One thing to keep in mind when watching older films is that all tied up with the questions of what was considered socially and culturally acceptable & appropriate for depictions of sex and violence and various adult thematic elements is the issue of what filmmakers were allowed to depict and express both visually and via dialog. At the time of its filming the Motion Picture Production Code was still in effect (although not as rigorously enforced by that point), and to modern audiences (and, frankly, filmmakers of the time), these codes can seem bizarrely arbitrary and nit-picky.

There's a pretty good Hitchcock example in the Wikipedia article itself. To quote:
Some directors found ways to get around the Code guidelines; an example of this was in Alfred Hitchcock's 1946 film, Notorious, where he worked around the rule of three-second-kissing by having the two actors break off every three seconds. The whole sequence lasts two and a half minutes.
I mean, I'm in my 50's, and the idea that seeing someone kiss for longer than three seconds will lead to moral depravity and orgies in the streets or whatever sounds totally WTF. But those were the kinds of strictures they were working under. For all we know Hitchcock, Lehman (screenwriter), and MGM executives were like, "Hey, we're only gonna get three steamy double entendres in the dialog, where do we put them? Fuck it, let's jam them all in the same scene, we've got other things to spend our time on in the rest of the script. And we can add in the whole train enters the tunnel thing just to make it obvious. We can probably get away with that."

So, yeah, while this doesn't strike me personally as very romantic, it does seem pretty unremarkable for the era.
posted by soundguy99 at 5:44 AM on April 19, 2021 [1 favorite]

The witty repartee was signature Cary Grant.
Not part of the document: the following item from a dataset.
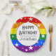 Add some pride to your birthday party with these customizable rainbow flag paper plates.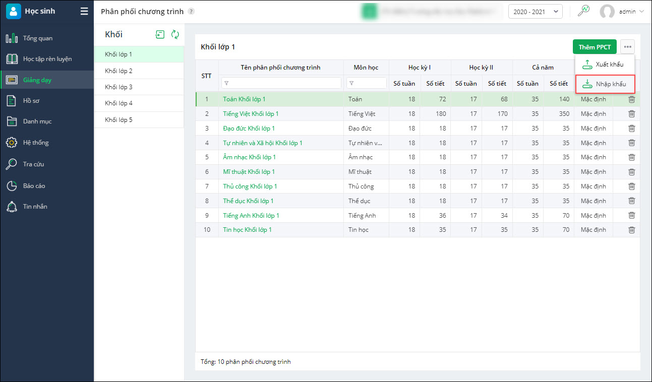 - Chọn khối lớp cần nhập khẩu phân phối chương trình.

What happened to the train noises?
posted by SemiSalt at 6:07 AM on April 19, 2021

Yes, it's way long, and that's because Hitchcock has been waiting for this the entire movie.

I haven't seen this thing in centuries, but I would put money on it that Hitchcock has been using his camera to nestle down in her perfect hair for probably fifteen solid minutes by this point, so he's now desperate to get fingers in it and mess it all up.

This seems to have been if not his only goal as a director at least his primary one:
1. Find or make a blond actress.
2. Create upon this actress's head the most impossibly perfect glossy, bunnysoft babysilk angelic hair ever seen in the world.
3. Destroy the perfect hair.

That he died before Pantene commercials is evidence that there is no god.
posted by Don Pepino at 8:26 AM on April 19, 2021 [3 favorites]

I've never seen the film, so I don't have any of the context, but to me the scoring was actually the most jarring part. I found the music tonally "read" as sort of sweetly romantic in a way that was a little disjointed with the tone of the scene itself.
posted by eponym at 9:02 AM on April 19, 2021

Hitch seems to have spent a lot of time dreaming up ways to sneak innuendos past the censors, and that might be the best context to view his love scenes.

For example ...

EVE: I never discuss love on an empty stomach.
ROGER: You've already eaten.
EVE: But you haven't.

... was redubbed after the censor objected. The scene as written and shot was ...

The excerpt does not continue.